-------- Stored data --------
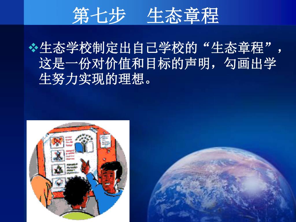 第七步 生态章程 生态学校制定出自己学校的“生态章程”,这是一份对价值和目标的声明,勾画出学生努力实现的理想。
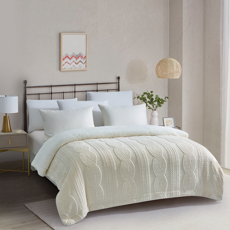 商品名称:巴木赫 2024新款8字配色双层羊羔绒毛毯 白色
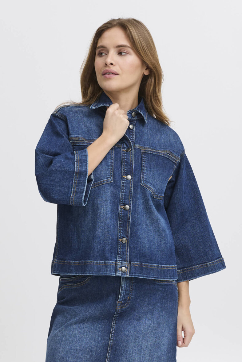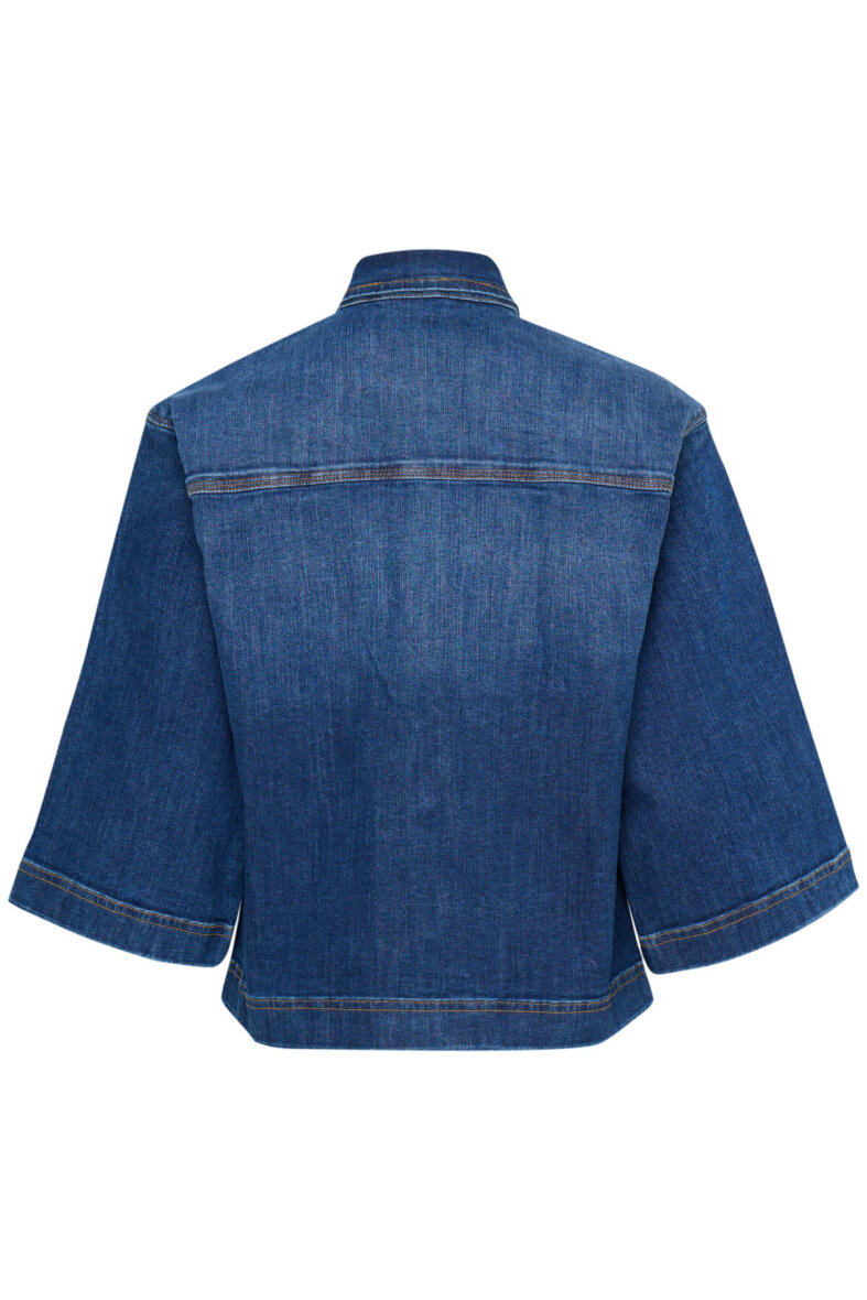 Denim jakken er med krave og gennemgående knapper langs fronten samt to smarte brystlommer. Kort afslappet pasform i en lækker bomuld kvalitet med stretch.
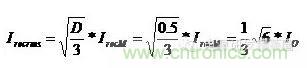 (3)流過整流器的有效值電流與平均值電流的關系:
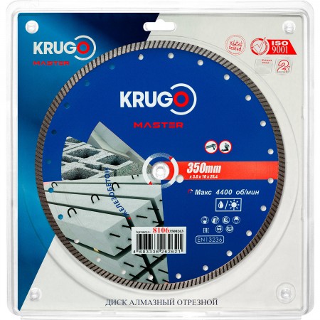 Диск алмазный Турбо по железобетону KRUGO MASTER 350х3,0х25,4х12 mm 81063500263
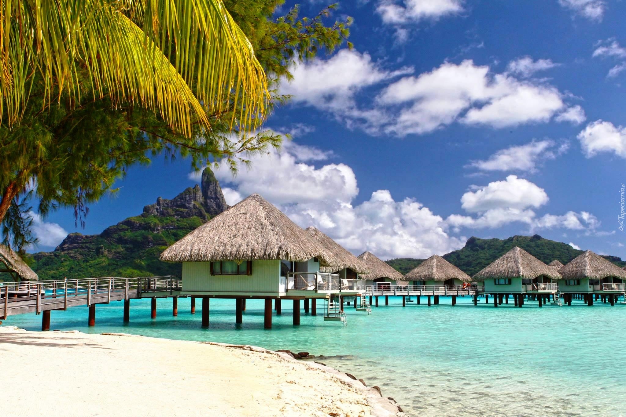 Edytor tapety: Domki, Morze, Plaża, Tropiki
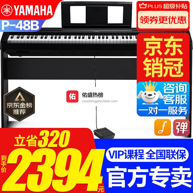 雅马哈P48B电钢琴考级教学入门成人学生88键智能重锤P45升级便携钢琴 P48B原装木架+原装单踏+官方标配¥
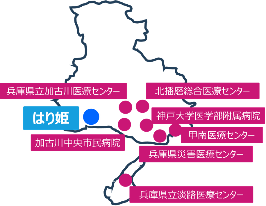兵庫県立はりま姫路総合医療センターを基幹病院とし、播磨、淡路、神戸にある連携施設とによるプログラムです。
--------
Extract precisely the lines beginning at the line containing "Denim jakken er" and ending at the last line of the entries above, exactly as written and with no pictures.

 Denim jakken er med krave og gennemgående knapper langs fronten samt to smarte brystlommer. Kort afslappet pasform i en lækker bomuld kvalitet med stretch.
 (3)流過整流器的有效值電流與平均值電流的關系:
 Диск алмазный Турбо по железобетону KRUGO MASTER 350х3,0х25,4х12 mm 81063500263
 Edytor tapety: Domki, Morze, Plaża, Tropiki
 雅马哈P48B电钢琴考级教学入门成人学生88键智能重锤P45升级便携钢琴 P48B原装木架+原装单踏+官方标配¥
兵庫県立はりま姫路総合医療センターを基幹病院とし、播磨、淡路、神戸にある連携施設とによるプログラムです。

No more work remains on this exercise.